Captain Sir Arthur Henderson Young  (31 October 1854 – 20 October 1938) was a British colonial administrator.

Family
He was the son of Colonel Keith Young.

On 5 November 1885, he married Lady Evelyn Anne Kennedy, a daughter of Archibald Kennedy, 2nd Marquess of Ailsa, and Julia Jephson.

Education
Young was educated at Edinburgh Academy and the Royal Military College, Sandhurst.

Career
Young joined the 27th Inniskillings as a sub-lieutenant, and entered the Colonial Service in 1878. He was first appointed to command a Military Police unit in Cyprus. The next 27 years he spent in the colony, holding successively the positions of Assistant Commissioner at Paphos, later Commissioner at Paphos, Commissioner at Famagusta, then Director of Survey and Forest Officer and Chief Secretary to the Government of Cyprus. In 1883 he contested the first elections to the new Legislative Council, but finished last in the Larnaca–Famagusta constituency with only 43 votes of the 6,899 cast. Young ran again in the 1891 elections; on this occasion his candidacy aroused significant controversy, and was opposed by both Greek Cypriots and the High Commissioner. Although he failed to be elected, he successfully appealed to the Supreme Court to have the election results partially annulled on the basis of intimidation and corruption due to attempts by the priesthood to dissuade people from voting for him. However, he did not contest the subsequent by-election for the vacant seats.

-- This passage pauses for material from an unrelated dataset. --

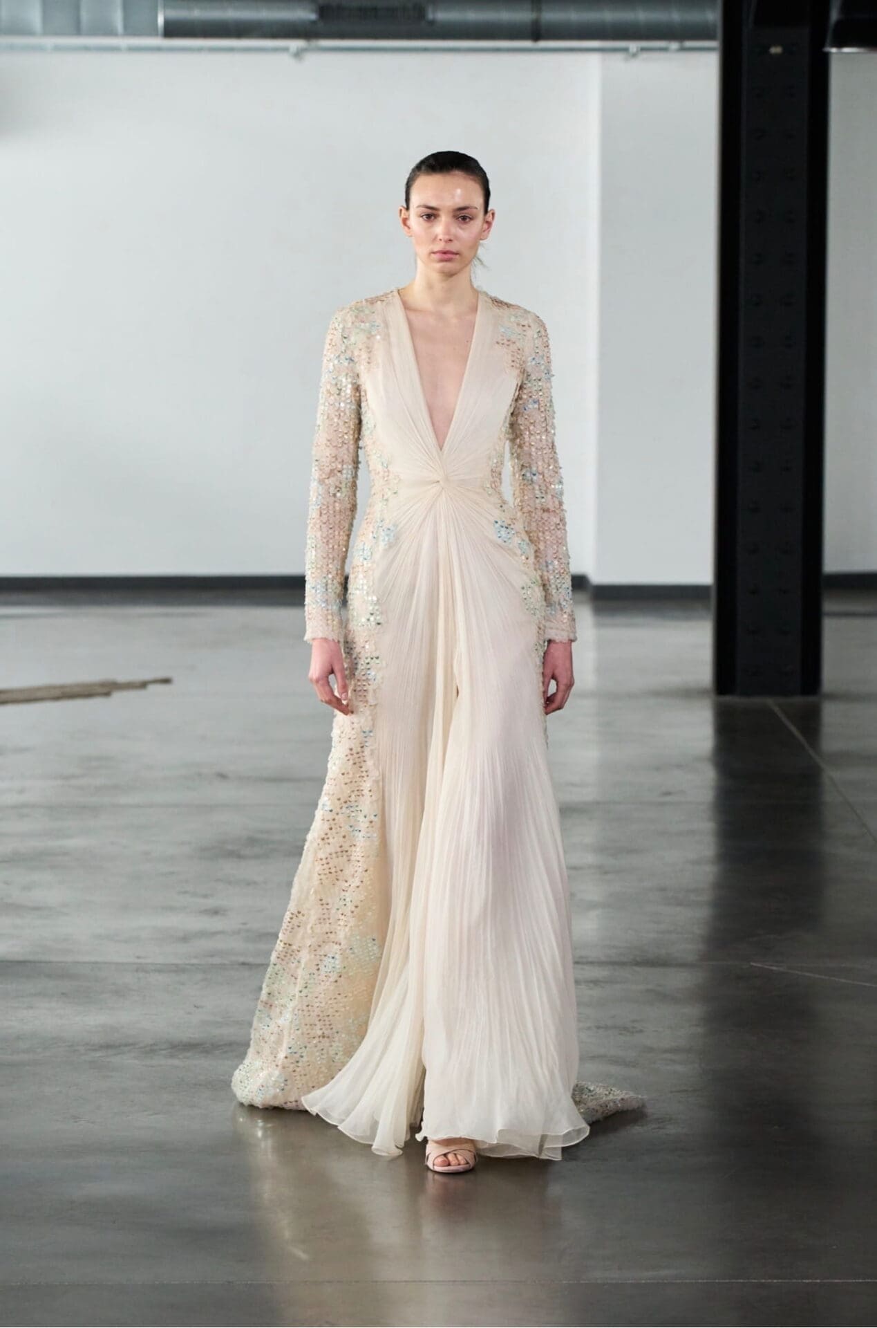 Movement defines the soul of the collection, with garments designed to breathe and evolve with the body. Silhouettes elongate, dissolve, and softly reassemble, creating a sense of motion that feels almost meditative. Couture here is not static or ceremonial, but alive, inviting the wearer into a slower, more contemplative rhythm.
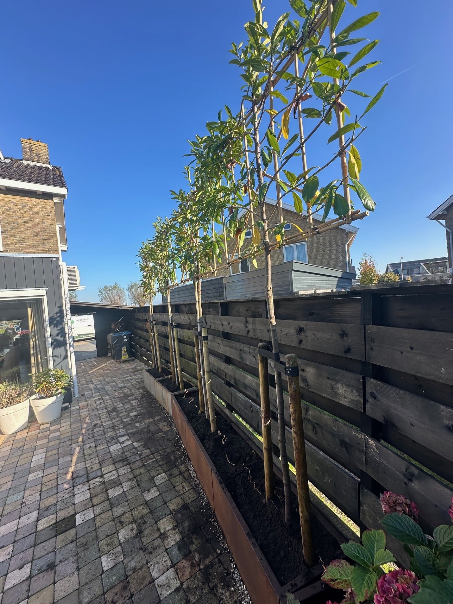 De achtertuin sluit hier naadloos op aan en is eveneens voorzien van cortenstaal elementen gecombineerd met Prunus leilindes. Deze leibomen creëren privacy en geven de tuin een groene, natuurlijke structuur. De bestrating met grote antracietkleurige tegels maakt het geheel strak, ruimtelijk en onderhoudsvriendelijk.

For six months in 1895, and for lesser periods in 1898, 1900, and 1904, Young administered the Government of Cyprus. In 1902, he went on a special mission to St. Vincent in the West Indies. He was posted as the Colonial Secretary of the Straits Settlements on 29 June 1906 until 1911. He became the British High Commissioner in Malaya and Governor of the Straits Settlements from 1911 to 1920.

Honours
In 1897, Young was appointed Companion of the Order of St Michael and St George (CMG) and Knight Commander of the Order of St Michael and St George (KCMG) in November 1908.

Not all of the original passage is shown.